>>>>

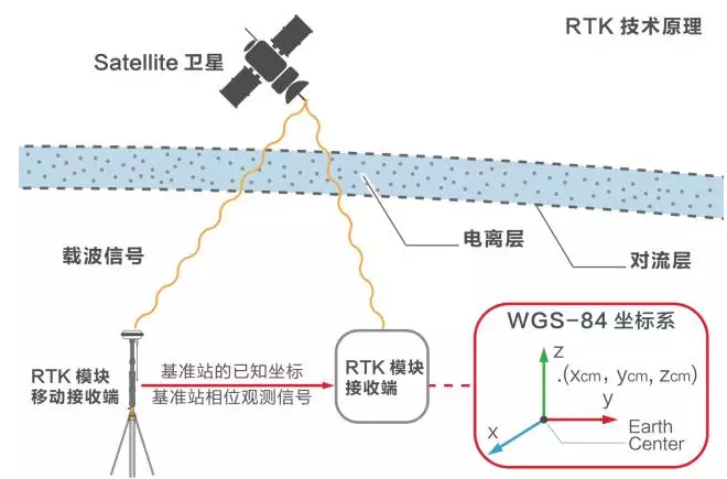 (2)增设已知自身精确坐标的基站,实时地把观测数据(相位观测值)及已知数据(精确坐标)传输给RTK模块,以此消除卫星钟误差、星历误差,并修正信号在电离层、对流层中传播的误差。
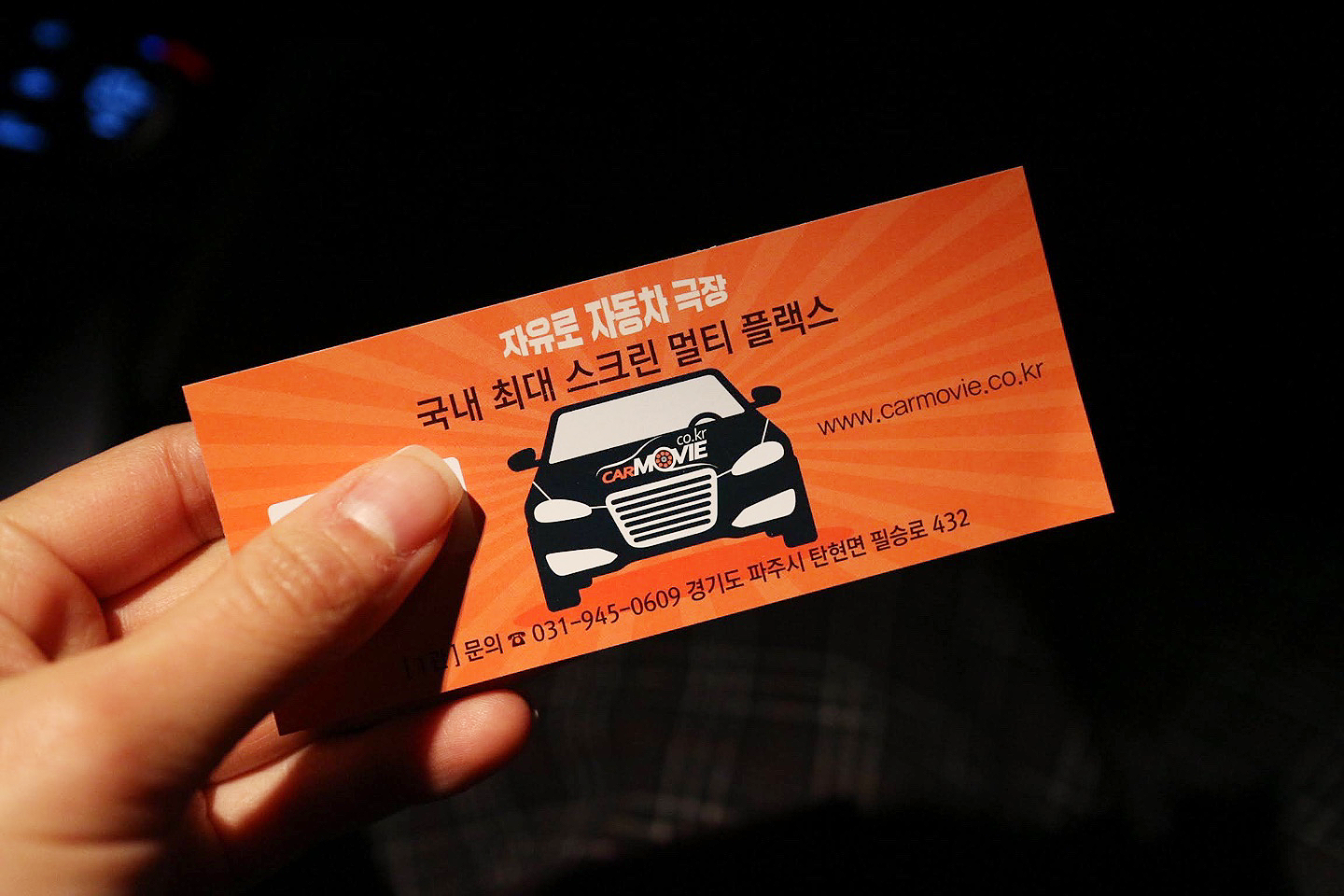 계산을 하고 나면 이렇게 티켓을 주셨어요. 제 손가락으로 가려진 곳에 주파수가 적혀 있어요. 주파수로 차안에서 영화 음향을 들을 수 있어요. 영화마다, 날마다 주파수가 달라진다고 하더라구요. 차량오디오가 안될 시에는 매점에서 라디오를 대여해 준다고 하며, 대여비는 3,000원이예요.
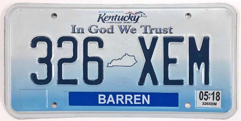 Click the button below to add the Kentucky 2018 "Unbridled Spirit" In God We Trust Barren County License Plate - 326XEM to your wish list.
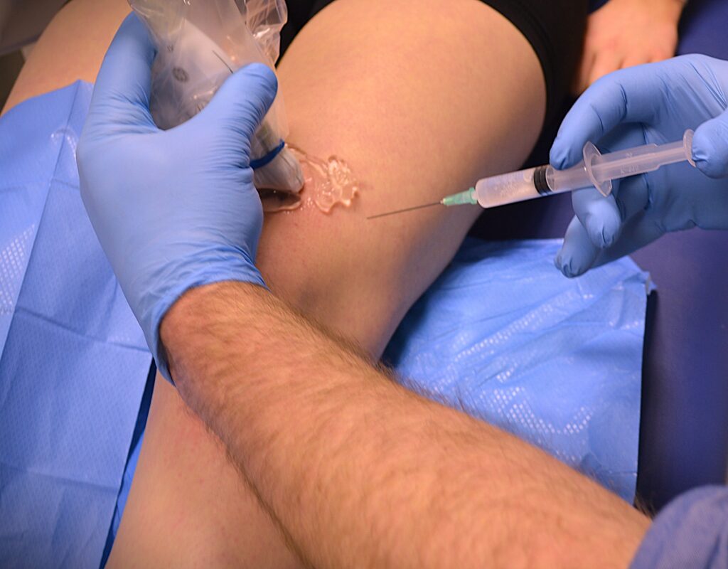 Joint and soft tissue injections can be really helpful in controlling and managing swelling and pain affecting a joint or soft tissue (bursa, nerve, tendon, ligament). These can be used in conjunction with rehabilitation and other treatments to help with movement, pain and restore the ability to exercise. Pain and swelling often limit the progression of rehabilitation and an injection of steroid (cortisone) combined with a local anaesthetic can remove that barrier and allow you to move pain free. This provides a helping hand in progressing with exercise.
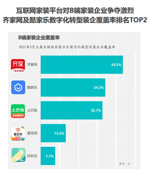 值得注意的是,在众多互联网家装平台中,齐家网平台上数字化转型装企的覆盖率高达43.5%,居行业TOP1,酷家乐、土巴兔位于TOP2及TOP3,也就是说,在探索数字化转型的所有家装企业中,有43.5%选择了与齐家网合作。
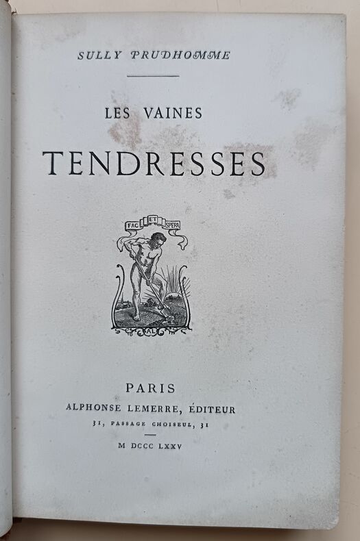 Paris Librairie Alphonse Lemerre, sans date (vers 1920) 0 in 12 (16x10) 1 volume reliure demi maroquin havane à coins de l'époque, dos à à nerfs orné, tête dorée, couverture conservée, 268 pages. Oeuvres de Sully Prudhomme: Poésies 1872-1878, Les vaines tendresses, La France, La révolte des fleurs, Poésies diverses, Les destins, Le zenith. René Armand François Prudhomme, dit Sully Prudhomme, 1839-1907, poète français. Bel exemplaire ( Photographies sur demande / We can send pictures of this book on simple request )
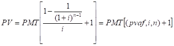 Расчет текущей стоимости авансового аннуитета. Базовые формулы:
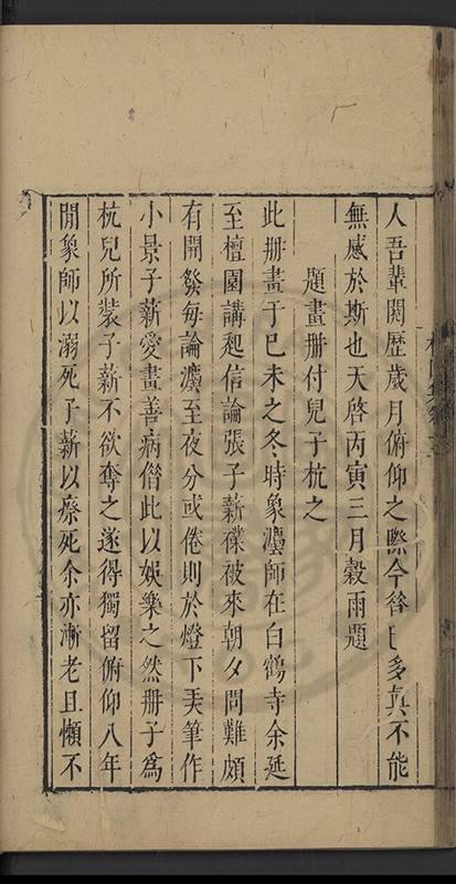 人吾輩閲歷歲月俯仰之際今㫺已多眞不能無感於斯也天啟丙寅三月穀雨題
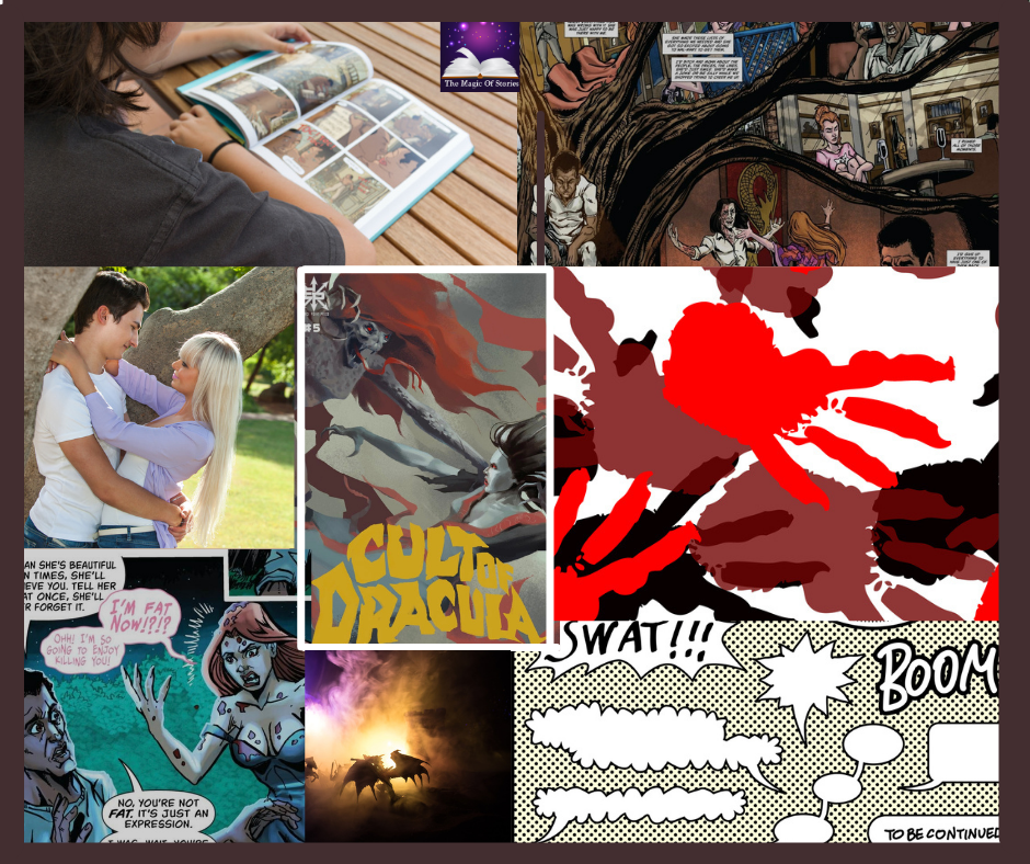 In the pictures telling stories I give you my interpretation of the book I’ve just read. In this case the 5th book in the series. Although I recognised one of the characters, the cult leader, I wasn’t able to determine the girls, Lucy and Mina. Although the later was named in one of the speech bubbles.
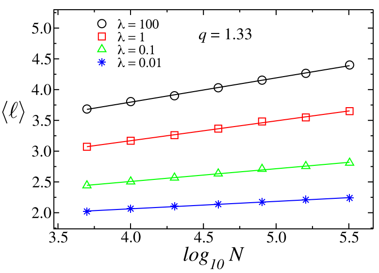 图4. 和 、 、 和 时平均最短路径长度 与节点数量的依赖性。

<<<<

Each entry above should be restated word for word, though no picture may appear in the copy.

# [EXPECTED ANSWER]
 (2)增设已知自身精确坐标的基站,实时地把观测数据(相位观测值)及已知数据(精确坐标)传输给RTK模块,以此消除卫星钟误差、星历误差,并修正信号在电离层、对流层中传播的误差。
 계산을 하고 나면 이렇게 티켓을 주셨어요. 제 손가락으로 가려진 곳에 주파수가 적혀 있어요. 주파수로 차안에서 영화 음향을 들을 수 있어요. 영화마다, 날마다 주파수가 달라진다고 하더라구요. 차량오디오가 안될 시에는 매점에서 라디오를 대여해 준다고 하며, 대여비는 3,000원이예요.
 Click the button below to add the Kentucky 2018 "Unbridled Spirit" In God We Trust Barren County License Plate - 326XEM to your wish list.
 Joint and soft tissue injections can be really helpful in controlling and managing swelling and pain affecting a joint or soft tissue (bursa, nerve, tendon, ligament). These can be used in conjunction with rehabilitation and other treatments to help with movement, pain and restore the ability to exercise. Pain and swelling often limit the progression of rehabilitation and an injection of steroid (cortisone) combined with a local anaesthetic can remove that barrier and allow you to move pain free. This provides a helping hand in progressing with exercise.
 值得注意的是,在众多互联网家装平台中,齐家网平台上数字化转型装企的覆盖率高达43.5%,居行业TOP1,酷家乐、土巴兔位于TOP2及TOP3,也就是说,在探索数字化转型的所有家装企业中,有43.5%选择了与齐家网合作。
 Paris Librairie Alphonse Lemerre, sans date (vers 1920) 0 in 12 (16x10) 1 volume reliure demi maroquin havane à coins de l'époque, dos à à nerfs orné, tête dorée, couverture conservée, 268 pages. Oeuvres de Sully Prudhomme: Poésies 1872-1878, Les vaines tendresses, La France, La révolte des fleurs, Poésies diverses, Les destins, Le zenith. René Armand François Prudhomme, dit Sully Prudhomme, 1839-1907, poète français. Bel exemplaire ( Photographies sur demande / We can send pictures of this book on simple request )
 Расчет текущей стоимости авансового аннуитета. Базовые формулы:
 人吾輩閲歷歲月俯仰之際今㫺已多眞不能無感於斯也天啟丙寅三月穀雨題
 In the pictures telling stories I give you my interpretation of the book I’ve just read. In this case the 5th book in the series. Although I recognised one of the characters, the cult leader, I wasn’t able to determine the girls, Lucy and Mina. Although the later was named in one of the speech bubbles.
 图4. 和 、 、 和 时平均最短路径长度 与节点数量的依赖性。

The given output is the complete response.